L’OTAN veut une application plus stricte de ses normes pour la production d’obus de 155 mm
Même s’ils sont censés répondre à la même norme OTAN (STANAG 4425), les obus d’artillerie de 155 mm utilisés par les Alliés ne partagent pas forcément les mêmes spécifications. Et ce n’est pas sans conséquences au niveau opérationnel, comme le démontre une enquête de terrain menée par l’US Army War College auprès de trois des huit groupements tactiques multinationaux déployés sur le flanc est de l’Alliance.
Les commandants de ces derniers ont expliqué que « les politiques nationales empêchaient l’échange de munitions », ce qui « pouvait entraver l’interopérabilité en temps de guerre et nuisait sans aucun doute à l’efficacité opérationnelle en temps de paix », ont observé les auteurs de l’étude.
La norme fixée par l’OTAN a une portée générale… car elle offre suffisamment de latitude aux industriels des pays membres pour leur permettre de définir leurs propres spécifications en la matière. C’est ce qu’avait déploré en octobre dernier l’amiral Rob Bauer, le chef du comité militaire de l’OTAN. Et il avait fait un parallèle avec les fabricants d’imprimantes.
« Un fabricant ne s’enrichira pas avec les imprimantes qu’il fabrique, mais avec les cartouches d’encre qu’il vend. (…) Si vous produisez des munitions qui ne conviennent qu’aux armes que vous fabriquez, vous obligez les utilisateurs à vous les acheter », explique l’amiral Bauer. Ce qui expliquerait en partie l’augmentation du prix d’un obus d’artillerie, passé de 2 000 euros pièce avant le début de la guerre en Ukraine à 8 000 euros aujourd’hui.
Selon l’amiral Bauer, quatorze pays de l’OTAN se sont écartés du STANAG 4425… ce qui signifie qu’il existe « quatorze types différents de munitions de 155 mm ».
Pourtant, tous les obusiers de 155 mm en service dans les pays de l’OTAN peuvent théoriquement tirer n’importe quel obus de ce calibre… mais à condition que leurs opérateurs disposent de tables de tir tenant compte de leurs spécifications pour ne pas perdre en précision. Or, souvent pour des raisons politiques, ce n’est pas le cas.
« Derrière toute cette affaire de munitions se cachent des intérêts commerciaux très importants.

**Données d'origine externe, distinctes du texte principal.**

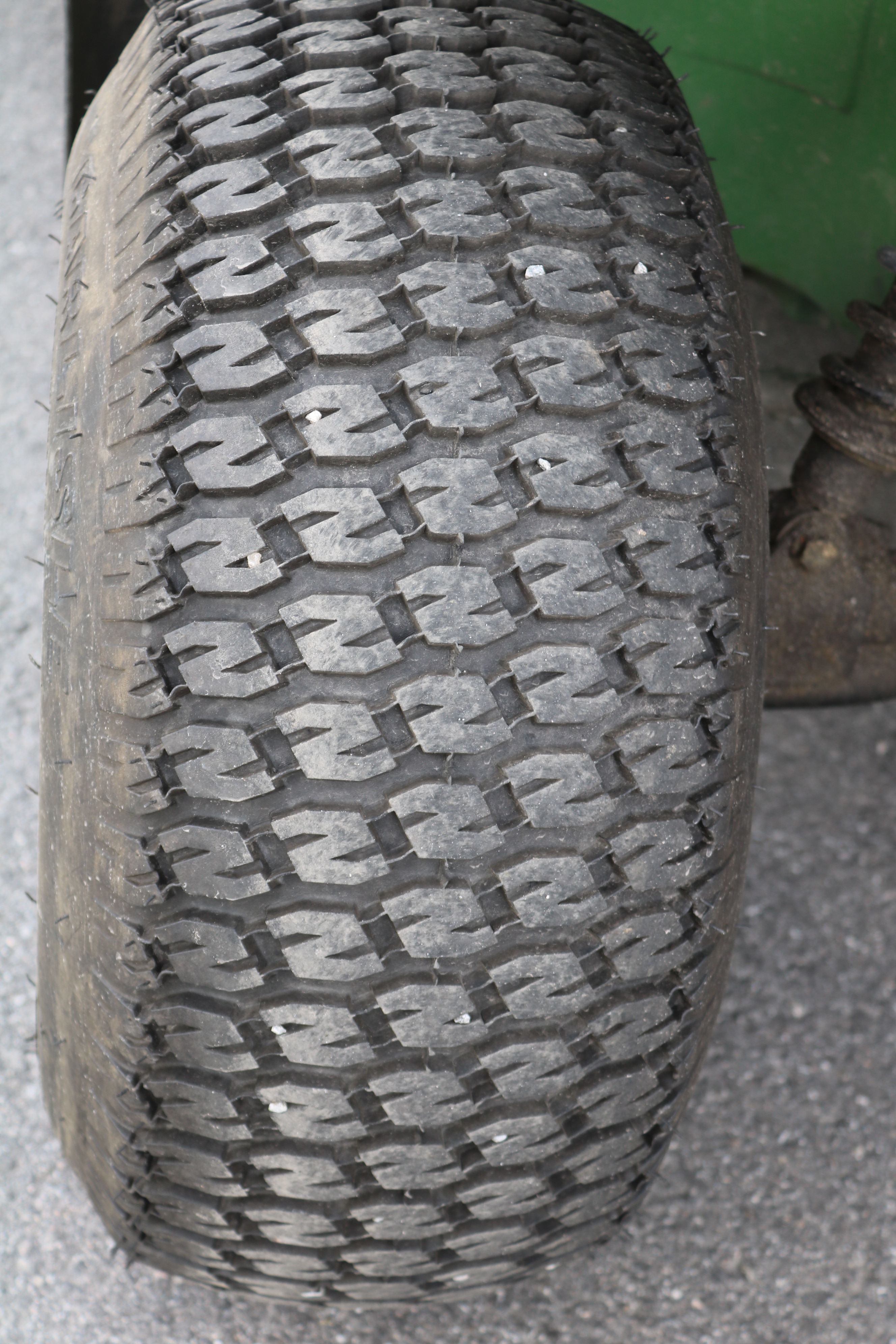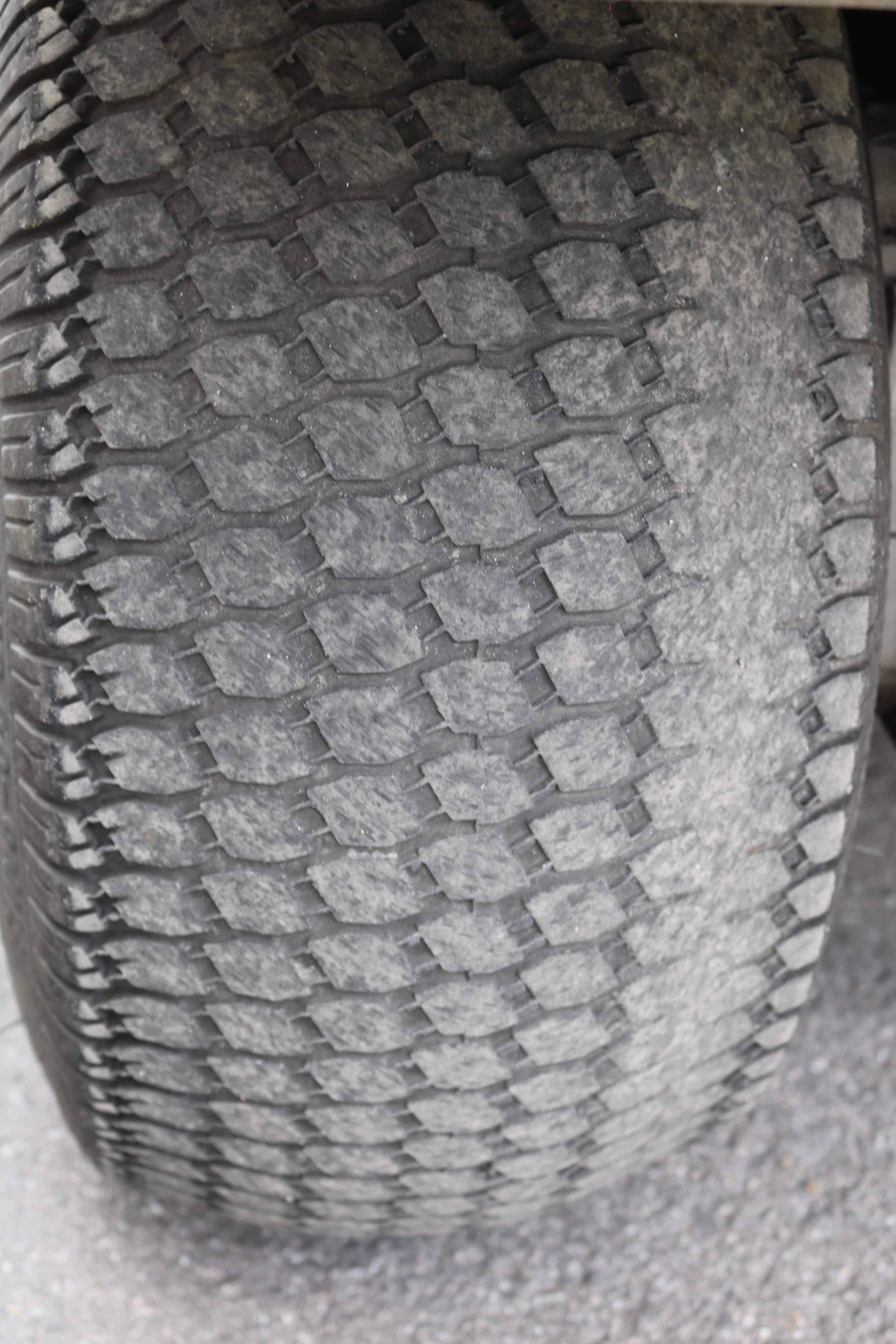 The tires are worn differently, which is normal on these vehicles. See pictures.

Les entreprises gagnent de l’argent grâce au fait que les munitions ne sont pas interchangeables et peuvent dominer leur marché intérieur », a déclaré à Reuters une source du secteur. Il en va de même pour les obus de 120 mm, qui sont tirés par des chars lourds.
L’Otan veut également mettre un terme à cette situation, mise en évidence par l’aide militaire apportée à l’armée ukrainienne. Ainsi, lors de son prochain sommet, qui se tiendra du 9 au 12 juillet à Washington, elle entend appeler les alliés à augmenter leur production de munitions… et à revenir à une application plus stricte de ses normes pour que les projectiles soient « interopérables » sur le champ de bataille.

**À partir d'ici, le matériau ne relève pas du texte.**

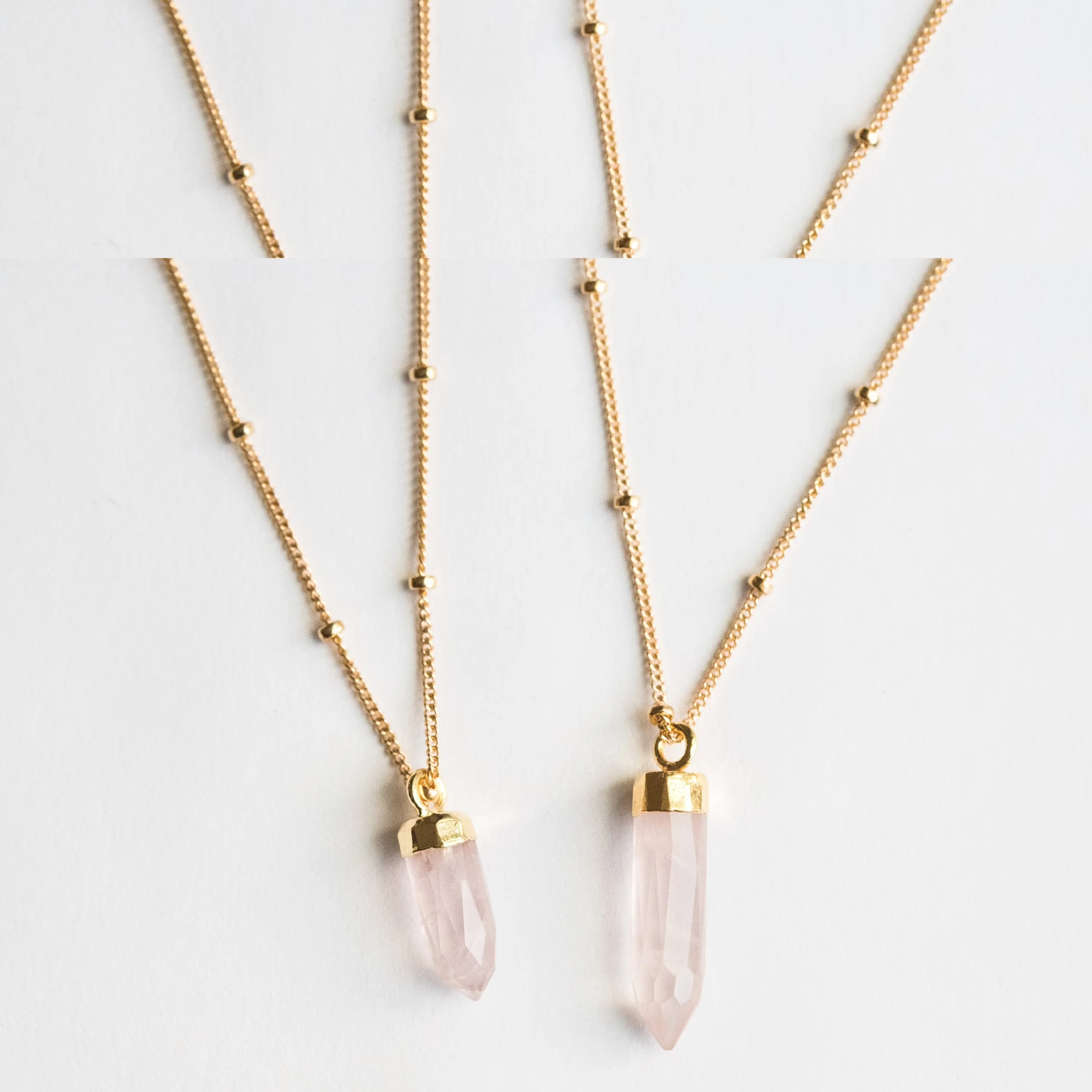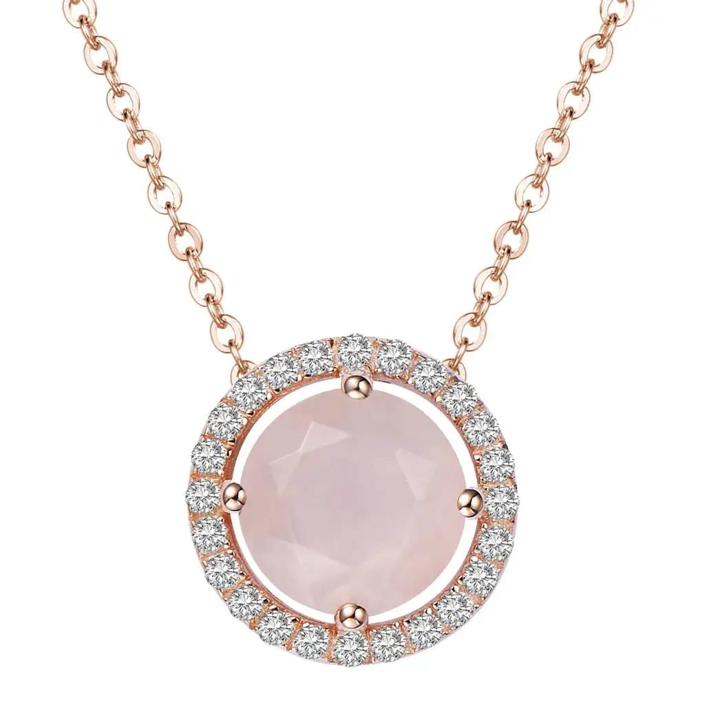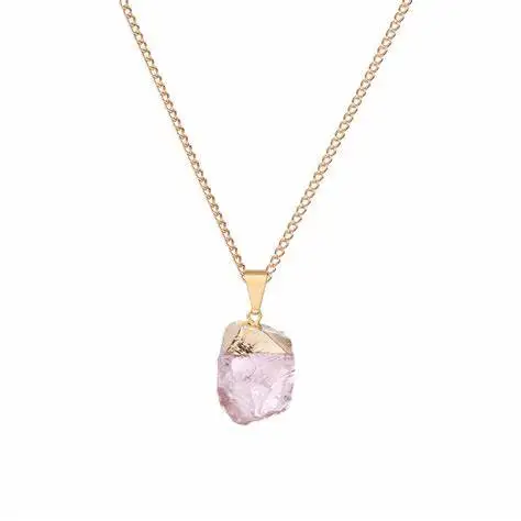 Custom Women Healing Raw Gemstone Natural Stone Stainless Steel Jewelry Birthstone Geometric Crystal Pendants Rose Quartz Neckla
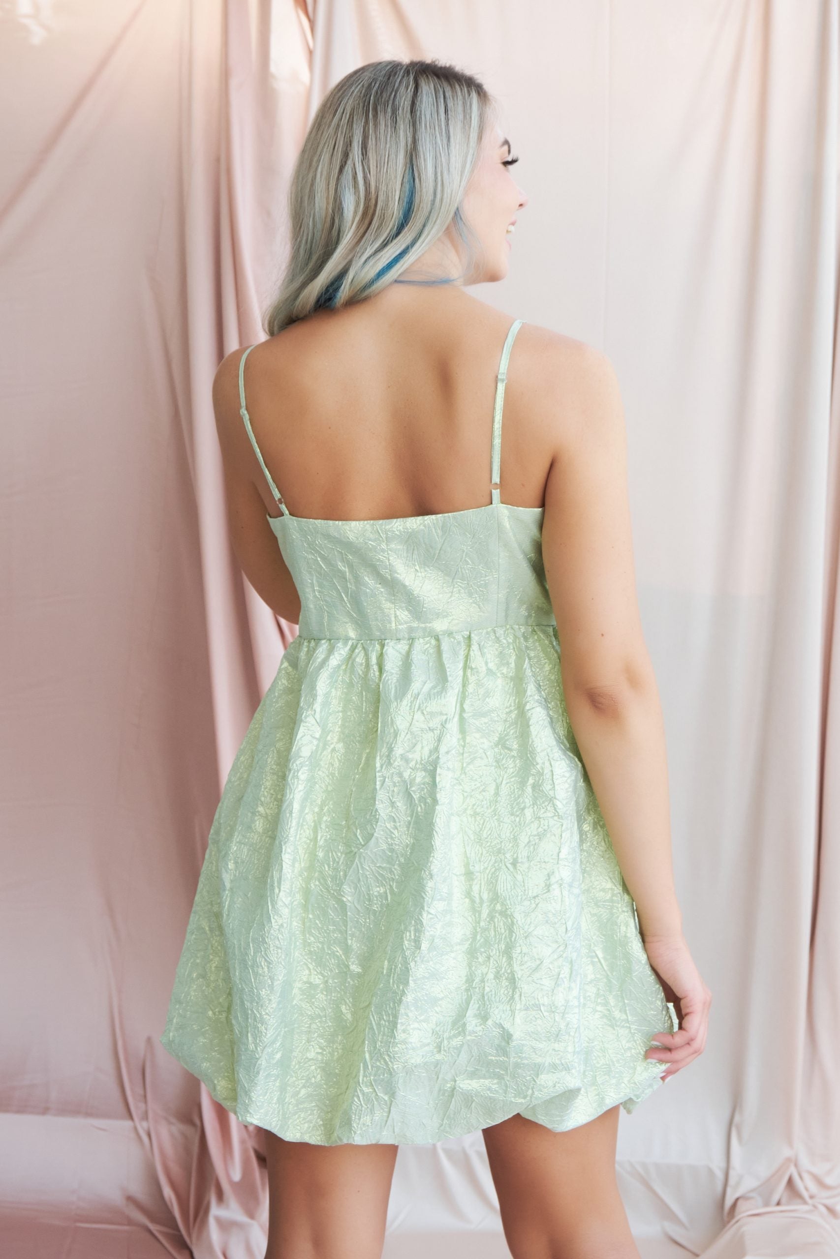 Bu elbise sınırlı sayıda üretilmiştir. Yeşil işlemeli fiyonk detaylı balon mini elbise. Ayarlanabilir askılı. Astarlıdır. Likralı büzgü tafta kumaşından üretilmiştir. Şıklık ve rahatlığı bir arada sunan bu trend elbise , gardırobunuzun favorisi olmaya hazır.
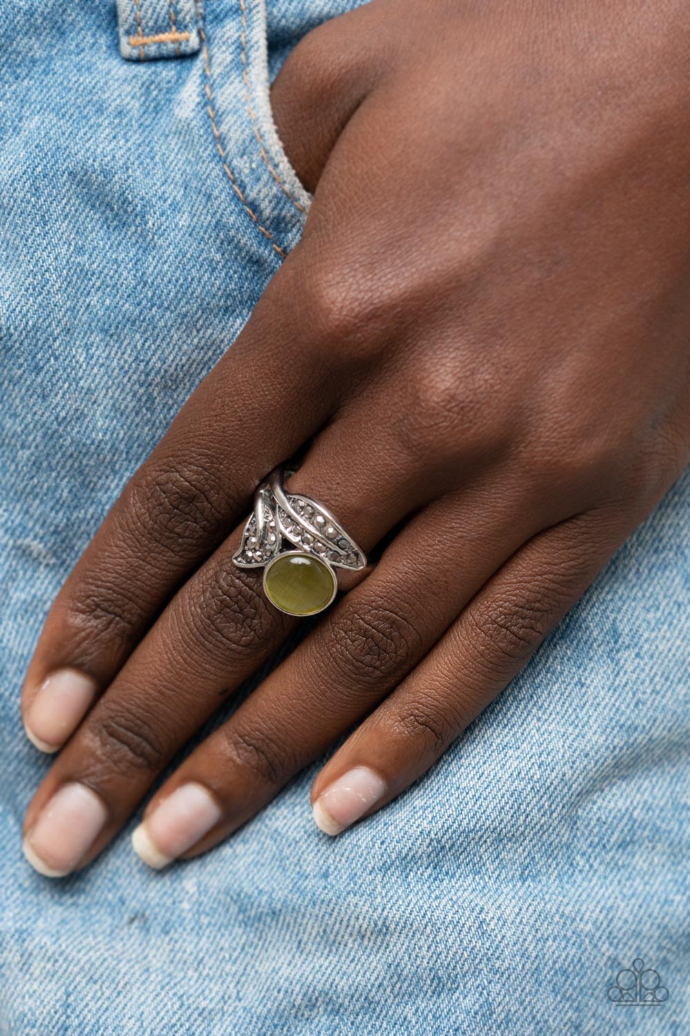 Hematite rhinestone encrusted silver leaf frames delicately gather around a dreamy Olive Branch cat's eye stone, resulting in an ethereal centerpiece atop the finger. Features a dainty stretchy band for a flexible fit.

« L’Ukraine a montré que notre standardisation est bonne sur le papier mais pas sur le terrain », a déclaré à Reuters un responsable de l’OTAN. « Un monde dans lequel il existerait un seul obus standardisé de l’OTAN, où chaque allié produirait la même chose, serait un monde beaucoup plus simple pour les commandants militaires, qui n’auraient aucun doute sur le fait que tout le monde utilise les mêmes munitions », a-t-il expliqué plus tard.

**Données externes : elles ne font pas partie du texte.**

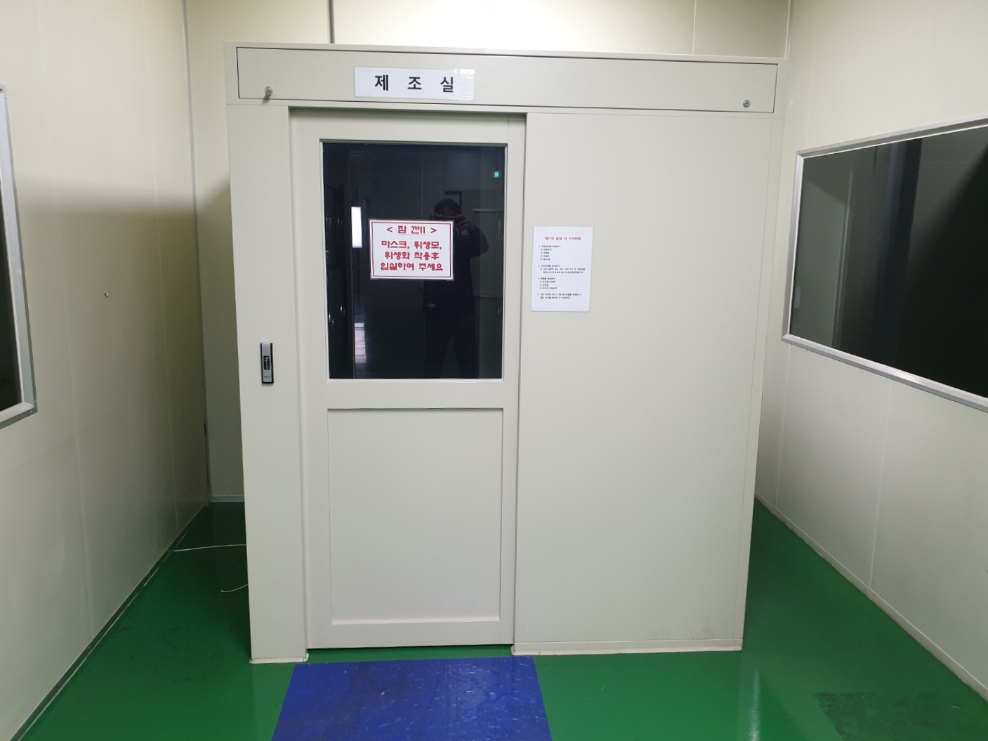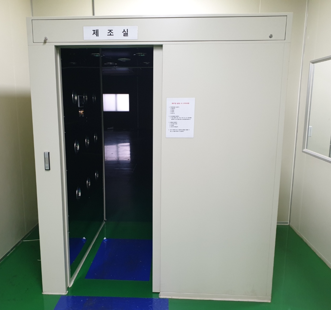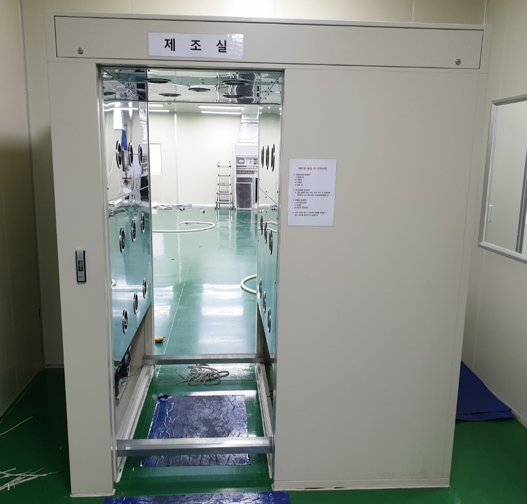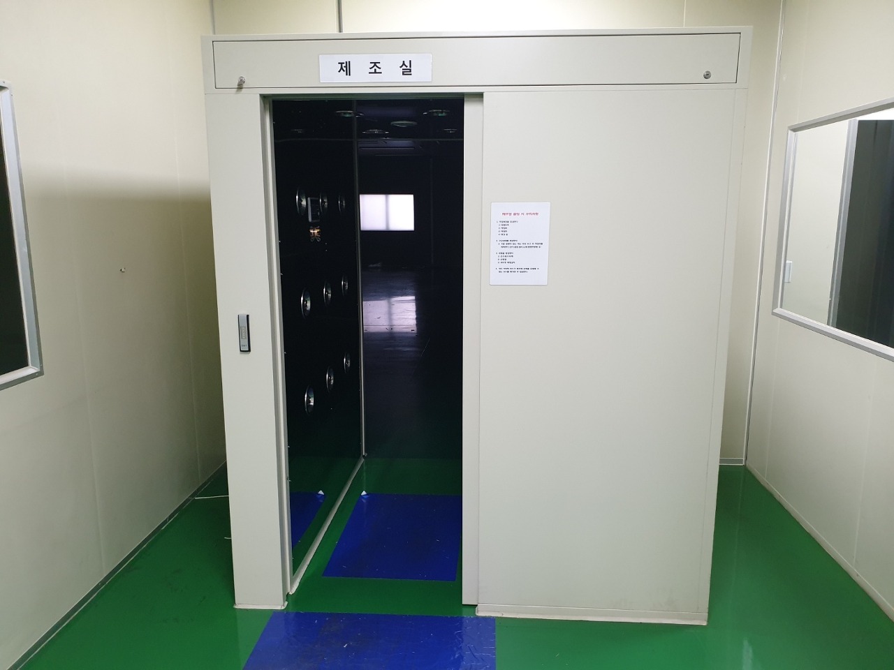 슬라이딩 도어방식으로 수레의 물품을 실어 나르기가 편리하며 도어는 반유리 형태로 내부의 에어샤워의 진행상황을 확인할 수 있어 밖에서 대기 중인 작업자는 끝난 뒤 바로 에어샤워룸으로 들어갈 수 있습니다

L’OTAN souhaite par ailleurs s’assurer que les fabricants partagent plus largement les spécifications des munitions qu’ils produisent et simplifient les tables de tir.
Reste à savoir ce qu’en penseront les pays membres et les industriels concernés… D’autant qu’il existe différents types d’obus de 155 mm en fonction des effets que l’on souhaite obtenir. De plus, les aspects technologiques doivent également être pris en considération. Mettre tout le monde sous le même toit pourrait rendre la concurrence encore plus féroce… et faire baisser les prix.